(Data extract)

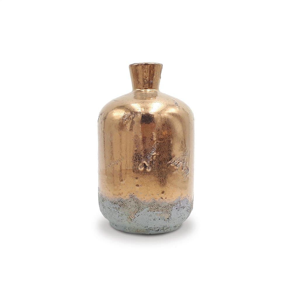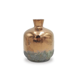 Diese wunderschönen Vintage-Keramikvasen in grau mit Kupfer metallic beschichtet sieht einfach edel aus. Der Vintage-Look macht sie sich toll auf dem Tisch, auch nur mit ein paar Gräsern. Mit unseren zwei weiteren Vasen aus dieser Serie ergibt sich eine schöne, stilvolle Deko-Kombination.
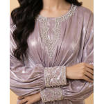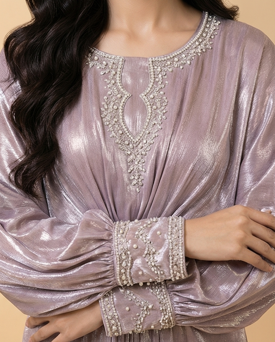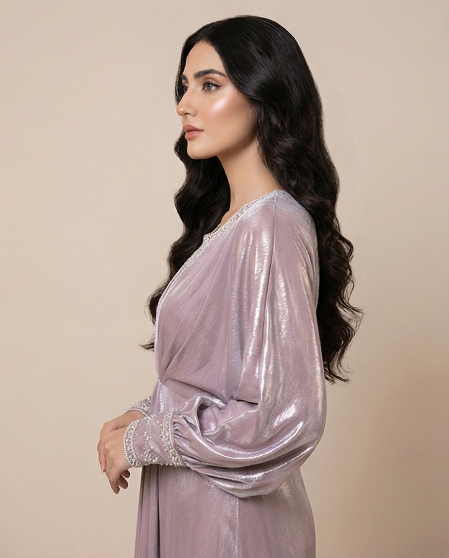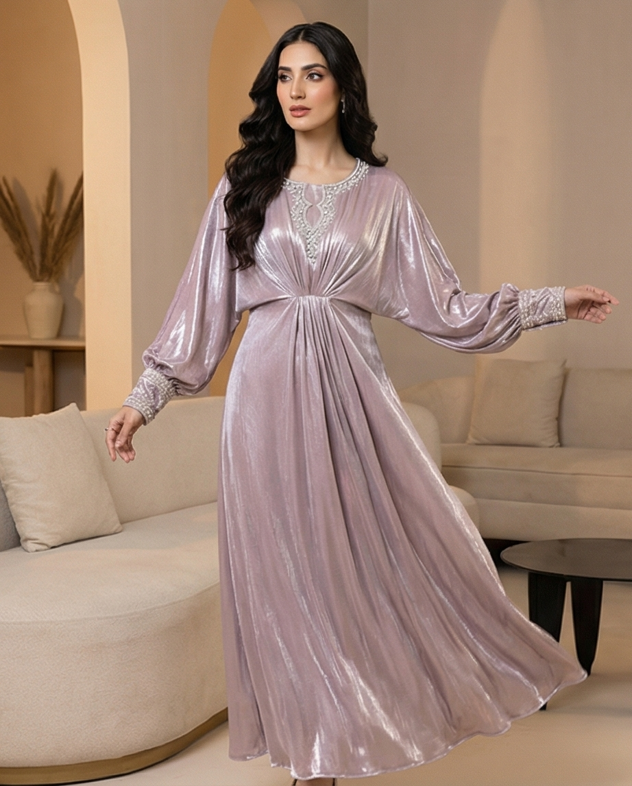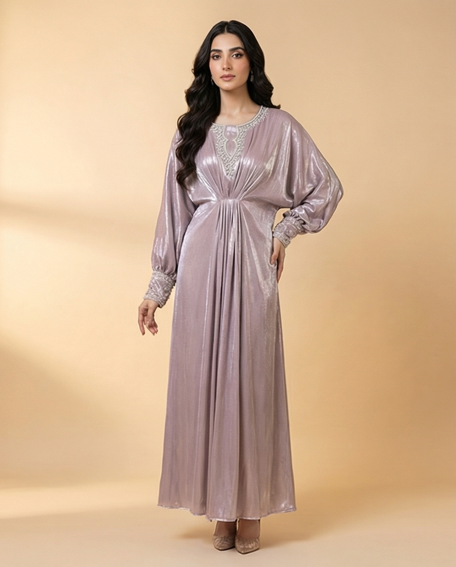 ​Elevate your wardrobe with the Pearl Iridescent Cotton Kaftan, a garment that exudes soft, ethereal beauty. This kaftan features a stunning pale lavender-pink iridescent finish, giving it a metallic glow that is both sophisticated and eye-catching. The design centers around a flattering pleated waist that creates a natural cinch, flowing into a voluminous, floor-length skirt that adds a statuesque grace to your movement.
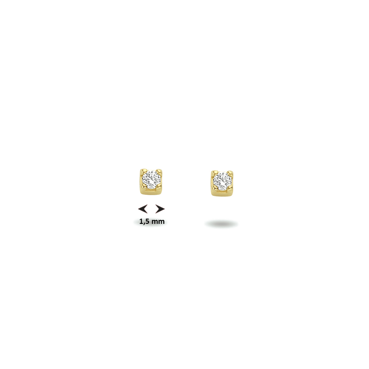 14k Geelgouden oorknoppen uitgevoerd met een heldere zirkonia. De oorknoppen hebben een diameter van 1.5mm.
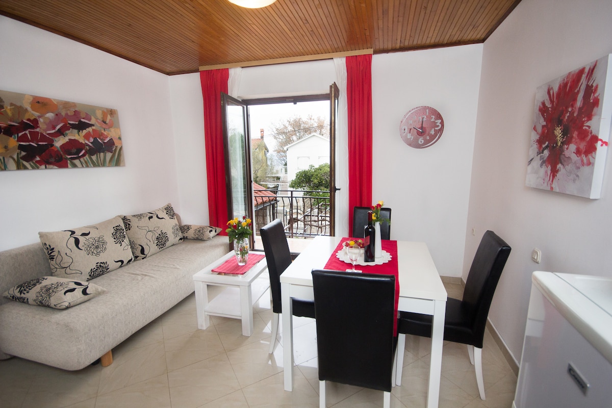 Opustite se u ovom ugodnom i moderno uređenom smještaju koji je sastavljen od jedne spavace sobe sa balkonom, moderne kupaonice sa led illuminacijom i podnim grijanjem gdje možete oprati svoje veš, i velike dnevne sobe u kojoj je udobni trosjed koji je napravljen da kada se razvuče dostigne širinu od 160cm, te komotno spavaju dvije odrasle osobe. Opremljen je velikim smart android televizorom, te kompletno opremljene moderne kuhinje sa otokom i pogledom na veliku terasu sa pogledom na more

(End Data extract)

## Exercise description
Write out the lines of the listing from the one that holds "14k Geelgouden oorknoppen" to the very last line, both included, exactly as they appear and without any pictures.

## Written answer
 14k Geelgouden oorknoppen uitgevoerd met een heldere zirkonia. De oorknoppen hebben een diameter van 1.5mm.
 Opustite se u ovom ugodnom i moderno uređenom smještaju koji je sastavljen od jedne spavace sobe sa balkonom, moderne kupaonice sa led illuminacijom i podnim grijanjem gdje možete oprati svoje veš, i velike dnevne sobe u kojoj je udobni trosjed koji je napravljen da kada se razvuče dostigne širinu od 160cm, te komotno spavaju dvije odrasle osobe. Opremljen je velikim smart android televizorom, te kompletno opremljene moderne kuhinje sa otokom i pogledom na veliku terasu sa pogledom na more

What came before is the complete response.